Ассистенту Дельмону, с утра — с 9.15 — твердо знавшему, что в этом году он должности штатного преподавателя не получит, предстояло убить час перед вторым семинаром. Забрав свою почту, он толкнул дверь профессорского клуба, просторного прямоугольного зала в нижнем этаже окнами на корпус В. Удобные кресла, обитые искусственной кожей, отделенные друг от друга низкими перегородками и зелеными растениями, справа от входа — маленький бар, окно во всю длинную стену. Неслыханная изысканность — это гигантское стекло было задернуто тонким занавесом, оберегавшим профессорские взоры от лицезрения серых стандартных домов, которые возвышались в тридцати метрах от них, загораживая горизонт.

В зале никого не было. С чувством безмерной усталости Дельмон рухнул в удобное кресло. Знакомое состояние. Ему было всего тридцать семь лет, но он, как правило, чувствовал себя неважно. Когда он, бреясь по утрам, глядел в зеркало, собственные узкие плечи, пергаментный цвет лица, тусклые, сильно поредевшие каштановые волосы наводили на него уныние. Он оглядел свой тощий торс и подумал, мне следовало бы заниматься спортом, но молодость ушла на учение, к 27 годам он прошел конкурс, к 28 — отслужил в армии, и теперь, вот уже почти десять лет корпит над своей диссертацией как каторжный, а конца не видно, в лучшем случае он станет доктором в 39, профом — в 40, какая абсурдная система — потратить столько лет на одну-единственную книгу, а потом, как это случается со множеством бонз, до конца своих дней ничего больше не делать. Просто удивительно, до какой степени французскому университету не хватает здравого смысла.

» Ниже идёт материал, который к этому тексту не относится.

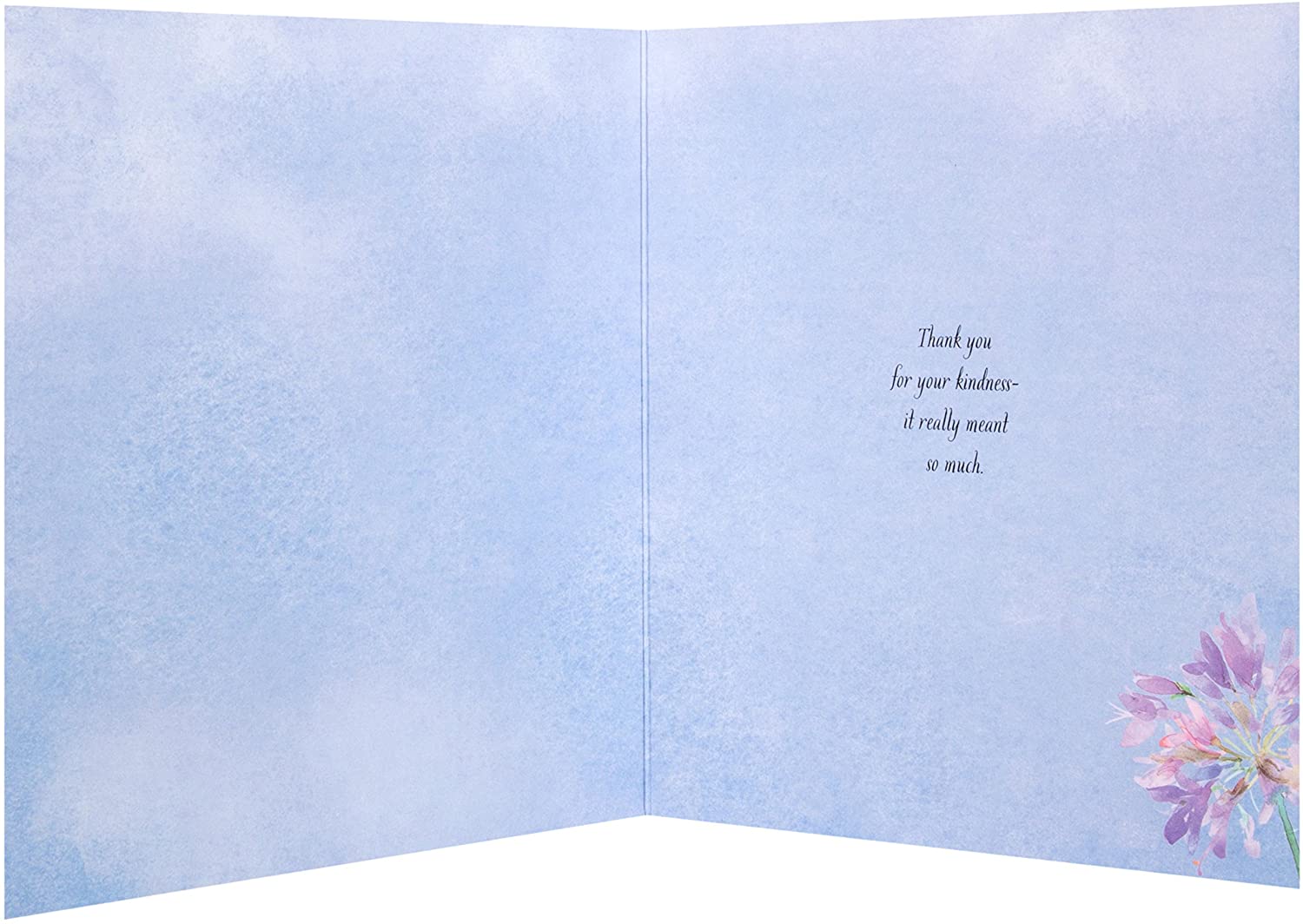 Foil Finished Flowers Design Thank You Card. Message inside card reads: 'Thank you for your Kindness - it really meant so much.'. Finish: Foil. Size: 185 x 165mm. Envelope: Purple Striped. Say thanks with this traditional card.

Он вынул из портфеля «Монд», только что купленный в киоске Ашетта, но, положив газету на колени, даже не развернул ее. У него устали глаза, чересчур много чтения, чересчур много карточек, чересчур много рукописей, которые приходится расшифровывать в плохо оборудованных и плохо освещенных библиотеках. Впрочем, университетская архитектура вообще отличается поразительной бесчеловечностью. Бездушные казармы для роботов-учеников. Взять хотя бы Нантер, все эти корпуса, стоящие гуськом: А, В, Г, Д; что может быть суше этой дурацкой прямолинейности, а эта галерея, от которой можно прийти в отчаяние, впасть в хандру, какой-то бесконечный уродливый клозетный коридор, протянутый от А до Д, и все это затеряно среди наводящих тоску гектаров желтых лысых газонов, в свою очередь затерянных среди пустырей зоны. Если бы, вместо того чтобы тянуть эту дурацкую прямую линию, четыре или пять факультетских здания расположили прямоугольником, их можно было бы «сшить между собой», как выражается Монтень, на манер монастыря, украшенного внутри садом, а магазины, кафе, всякие заведения самообслуживания, дискотеки, кинозалы выходили бы в этот сад, создавая некое подобие восточного базара, сообщая Факу городской дух, живую, многокрасочную атмосферу, которой так не хватает Нантеру, и этот монастырь-базар превратился бы в маленький Бульмиш[57], составляющий часть университета, и стеклянная стена его открывалась бы на внутренний мини-сад наподобие Люксембургского, с аллеями, деревьями, скамьями, тогда университет повернулся бы спиной к чудовищной пустыне пригорода, замкнулся бы вокруг своего парка, создавая у студентов ощущение надежности и уюта, которое всегда возникает в городках, опоясанных стенами, таких, например, как Фец или Сен-Мало.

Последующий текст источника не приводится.